RU2020937C1 - Nootropic antialcoholic drug - Google Patents

Abstract

FIELD: medicine. SUBSTANCE: essence of this invention resides in using already known L-pyroglutamic acid amide as claimed nootropic drug. Though this medicine is already known in the art, its nootropic properties have not been described in literature and it has not been previously used for treating any diseases. L-pyroglutamic acid amide produces no toxic effects when administered in doses up to 12,000 mg/kg. To put it otherwise, this drug is less toxic than pyracetame (8,000 mg/kg). In passive avoidance conventional reaction test, this drug advantages learning ability by 50 % as compared with control figures, whereas pyracetame taken in substantially greater doses encourages leaning ability solely by 20 %. Therapeutic value and range of claimed medicine (2,000) is considerably greater than those of pyracetame (60). Novel drug exhibits nootropic activity when administered perorally and produces protective effect in experiment against amnesia provoked by either electric convulsive shock or administration of L-proline cetyl ether. Dosage in this case is also lower than that of pyracetame. L-pyroglutamic acid amide administered in experiment produces protective effect in case of alcoholic intoxication in dosage smaller than that of pyracetame.
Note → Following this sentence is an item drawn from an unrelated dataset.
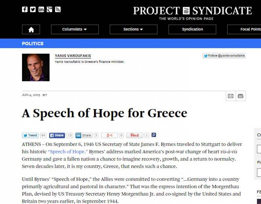 Ο κύριος Βαρουφάκης, στο μακροσκελές άρθρο του, που όπως αναφέρει γράφτηκε την ώρα που ο Αλέξης Τσίπρας και η ελληνική αντιπορσωπεία παρουσίαζε στις Βρυξέλλες την ελληνική πρόταση προς τους δανειστές, συγκρίνει την κατάσταση στην σημερινή Ελλάδα με την Γερμανία του 1945, όταν μόλις είχε συνθηκολογήσει για την λήξη του Β' Παγκοσμίου Πολέμου. Τότε, σημειώνει ο υπουργός Οικονομικών, ο αμερικανός υπουργός Τζέιμς Μπάιρνς εκφώνησε στην Στουτγκάρδη τον «Λόγο της Ελπίδας» προς τους Γερμανούς, που είχαν ανάγκη να ακούσουν πως η διεθνής κοινότητα θα στηρίξει την προσπάθειά τους για ανάκαμψη.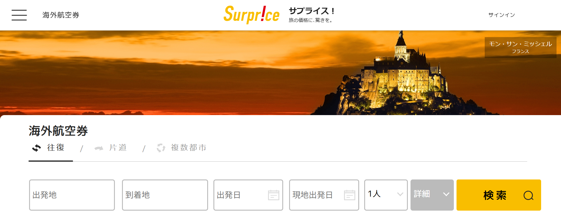 サプライスは、海外の格安航空券が予約できるサイトです。オンライン販売に特化することで中間コストを削減し、通常より安い価格で提供しています。

EFFECT: highly effective small doses of claimed drug improve learning ability and memory and capable of protecting central nervous system from amnesic effects and alcoholic intoxication; low toxicity is another advantage of this drug which is of certain interest in sphere of psychoneurology and reanimatology. 5 tbl

Description

 The invention relates to medicine, namely to nootropic drugs that stimulate learning and memory processes, increase brain resistance to damage and amnesic effects. The basic object is piracetam - a drug that stimulates the highest integrative activity of the brain, facilitates learning disrupted by damaging effects, and weakens the toxic effect of ethanol. Piracetam is used to restore intellectual-mnestic functions in patients who have suffered strokes, brain injuries, in children with mental retardation, to remove patients from alcoholic coma, etc. However, the doses at which piracetam causes a nootropic effect are high. In addition, the therapeutic effect of piracetam is not always reproduced.
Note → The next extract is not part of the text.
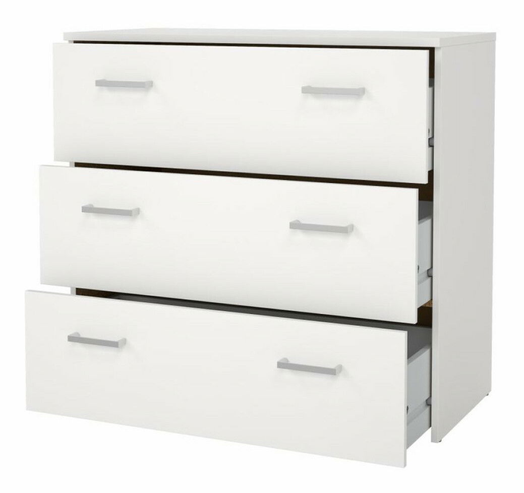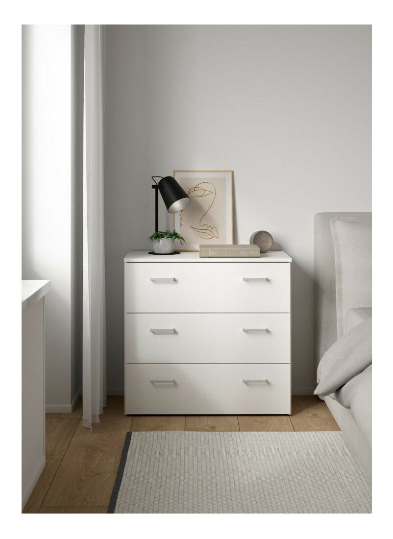 Komoda Variar 3 (bílá) o výšce 69,9 cm a hloubce 36 cm je moderní a praktický nábytek, který se skvěle hodí do ložnic, obývacích pokojů, pracoven nebo síní. S trojicí zásuvek s jednoduchými úchyty vám poskytne dostatek úložného prostoru pro vaše věci. S tloušťkou materiálu korpusu 12 mm a vrchního plátu 15 mm, tato komoda je pevná a stabilní. Komoda Variar 3 (bílá) je vyrobena z DTD laminované desky a dostupná je v bílém provedení. Rozměry komody jsou 74,1x36x69,9 cm a rozměry šuplíku jsou 71x22 cm. Komoda se dodává v demontu, ale je snadno sestavitelná. Tato komoda je dokonalým doplňkem vašeho interiéru.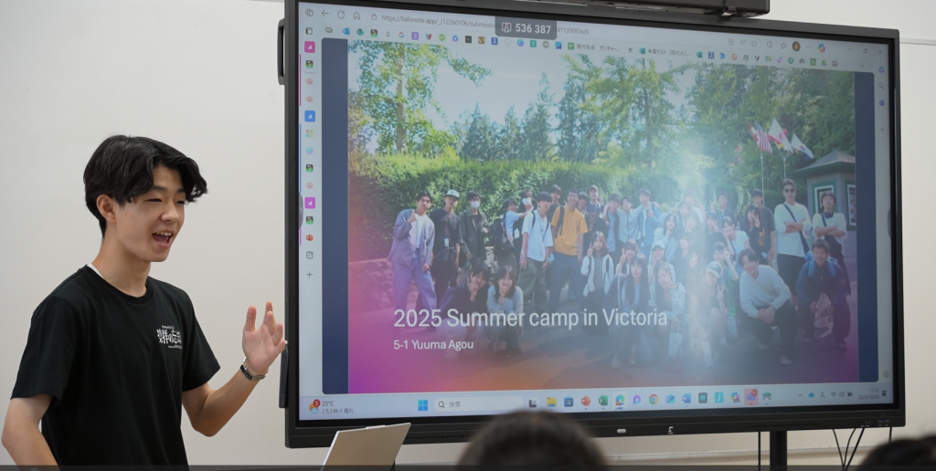さらに、カナダ・アメリカ・ハワイでのイングリッシュサマーキャンプ報告会では、生徒たちが全編英語で堂々と発表し、海外での経験や成長を力強く伝えました。

 The purpose of the invention is to obtain an effective tool that improves learning and memory, protects the brain from amnesic effects, as well as from alcohol intoxication, acting in small doses and non-toxic.

Соединение I синтезировано было ранее. Ноотропные свойства соединения I не описаны. В качестве препарата для лечения каких-либо заболеваний соединение I не использовалось.This goal is achieved by the use of a nootropic agent amide L-pyroglutamic acid (compound I)

Compound I was synthesized previously. The nootropic properties of compound I are not described. Compound I was not used as a drug for the treatment of any diseases.

 The proposed compound I, in comparison with piracetam, exhibits a more pronounced nootropic effect at a greater therapeutic latitude, its effectiveness as a nootropic agent is shown by the stimulating effect on the learning and memory of rats in the test of conditioned passive avoidance reflex (passive avoidance reaction) both in conditions of incomplete training and to prevent amnesia caused by chemical and physical agents. Like piracetam, the claimed compound I protects the body from alcohol intoxication. The severity of the latter effect of compound I also exceeds that of piracetam.

PRI me R 1. The acute toxicity of the claimed compounds was determined in experiments on white male mice weighing 18-24 g. Due to the fact that the literature on the toxicity of piracetam is ambiguous (it is indicated that LD _{50 is} 8000 mg / kg; there are evidence that it exceeds 12,000 mg / kg, in the experiments conducted, along with the determination of the acute toxicity of the claimed compound I, the acute toxicity of piracetam was also determined.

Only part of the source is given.